→ **Collected data**
+===+

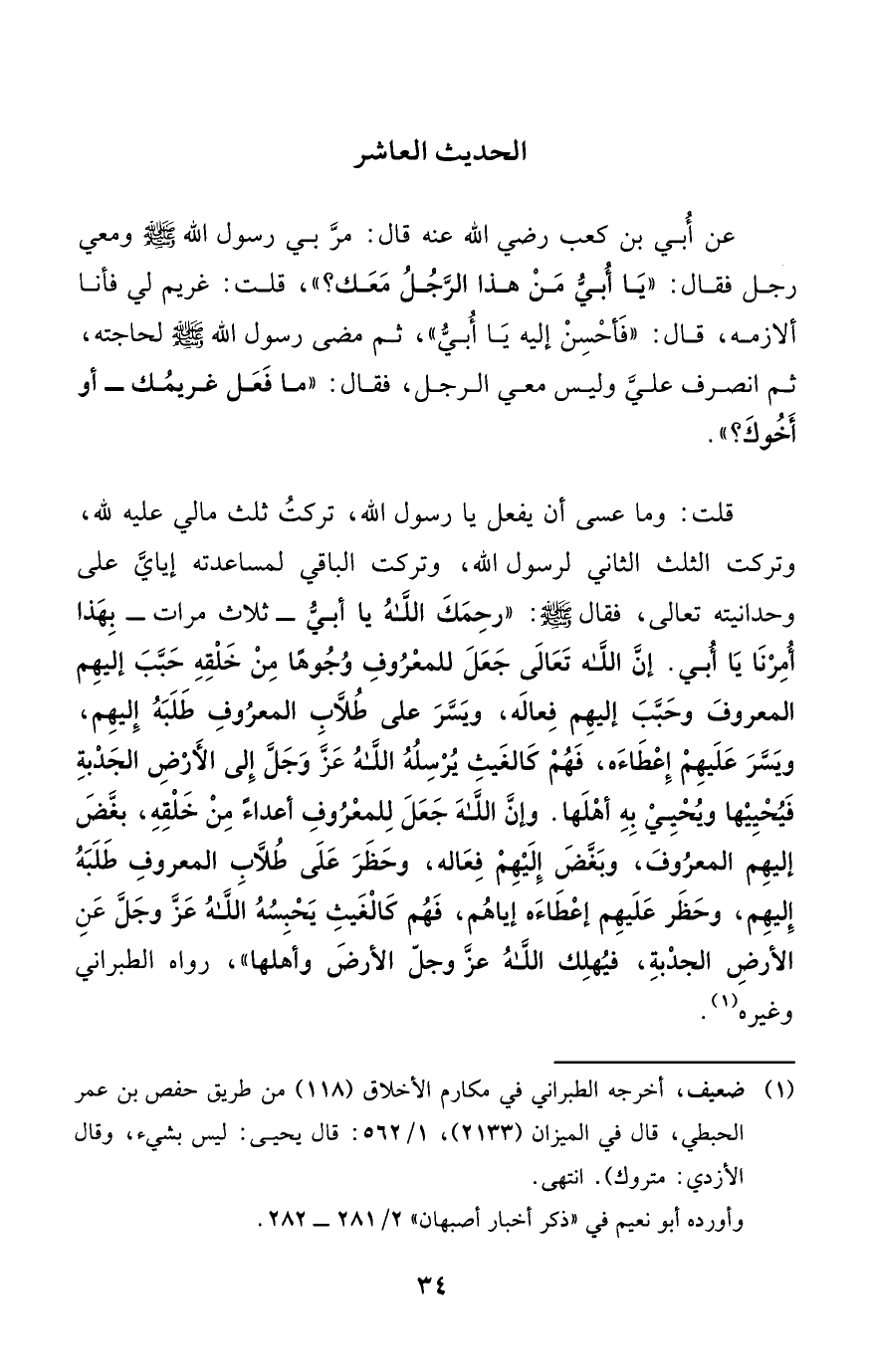 عن أُبي بن كعب رضي الله عنه قال: مرَّ بي رسول الله - صلى الله عليه وسلم - ومعي رجل فقال: "يَا أُبيُّ مَنْ هذا الرَّجُلُ مَعَك؟ "، قلت: غريم لي فأنا ألازمه، قال: "فَأحْسِنْ إليه يَا أُبيُّ"، ثم مضى رسول الله - صلى الله عليه وسلم - لحاجته، ثم انصرف عليَّ وليس معي الرجل، فقال: "ما فَعَل غريمُك -أو أَخُوكَ؟ ".
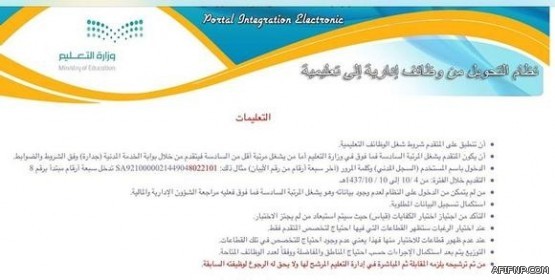 أنهت وزارة التعليم والخدمة المدنية ضوابط وشروط النقل من وظيفة إدارية إلى تعليمية، وسيتم فتح نظام التكامل بالتقديم اعتبارا من 1437/10/4 هـ حسب ما أفاد به المتحدث الرسمي لوزارة التعليم مبارك العصيمي عبر حسابه بتويتر
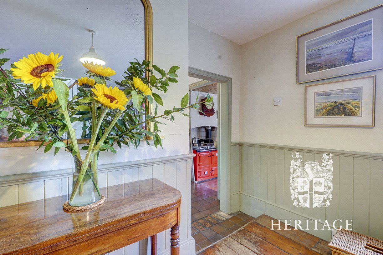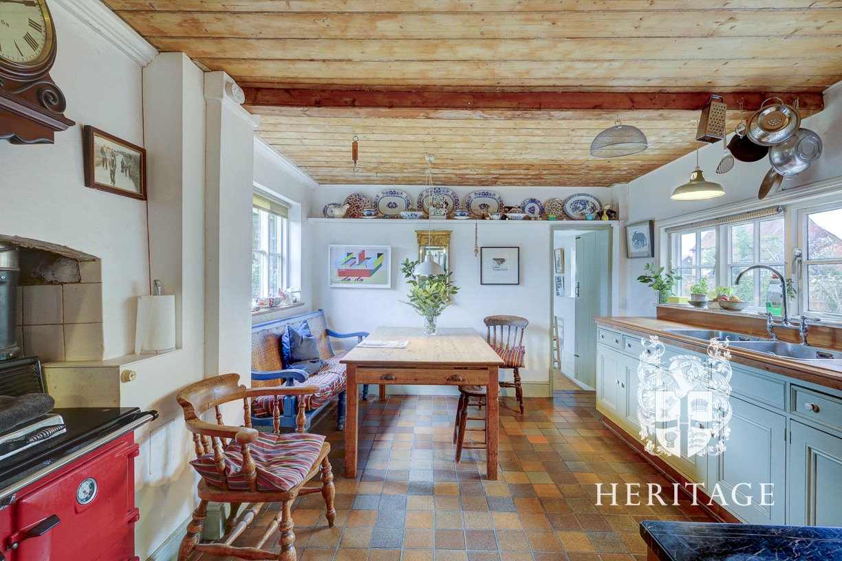 The home is entered via a vestibule and lobby, where a convenient ground-floor shower room can be found. Beyond lies a generous kitchen, fitted with bespoke cabinetry, solid wood worktops, and an oil-fired Aga. With ample space for a breakfast table, it is perfectly suited for both informal meals and everyday family living.
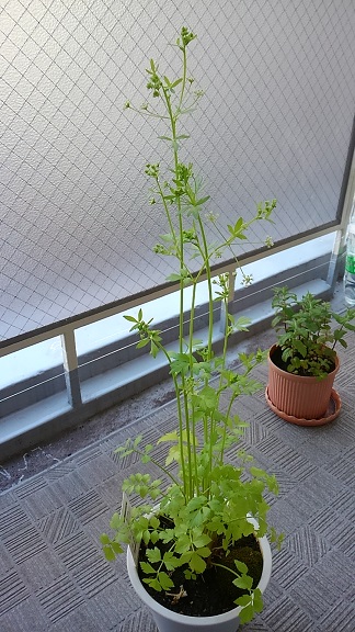 ベランダで頑張っるスープセロリが小さな花をつけました。

+===+

→ **What is required**
From the data above, write out everything exactly except the pictures.

→ **Completed exercise**
 عن أُبي بن كعب رضي الله عنه قال: مرَّ بي رسول الله - صلى الله عليه وسلم - ومعي رجل فقال: "يَا أُبيُّ مَنْ هذا الرَّجُلُ مَعَك؟ "، قلت: غريم لي فأنا ألازمه، قال: "فَأحْسِنْ إليه يَا أُبيُّ"، ثم مضى رسول الله - صلى الله عليه وسلم - لحاجته، ثم انصرف عليَّ وليس معي الرجل، فقال: "ما فَعَل غريمُك -أو أَخُوكَ؟ ".
 أنهت وزارة التعليم والخدمة المدنية ضوابط وشروط النقل من وظيفة إدارية إلى تعليمية، وسيتم فتح نظام التكامل بالتقديم اعتبارا من 1437/10/4 هـ حسب ما أفاد به المتحدث الرسمي لوزارة التعليم مبارك العصيمي عبر حسابه بتويتر
 The home is entered via a vestibule and lobby, where a convenient ground-floor shower room can be found. Beyond lies a generous kitchen, fitted with bespoke cabinetry, solid wood worktops, and an oil-fired Aga. With ample space for a breakfast table, it is perfectly suited for both informal meals and everyday family living.
 ベランダで頑張っるスープセロリが小さな花をつけました。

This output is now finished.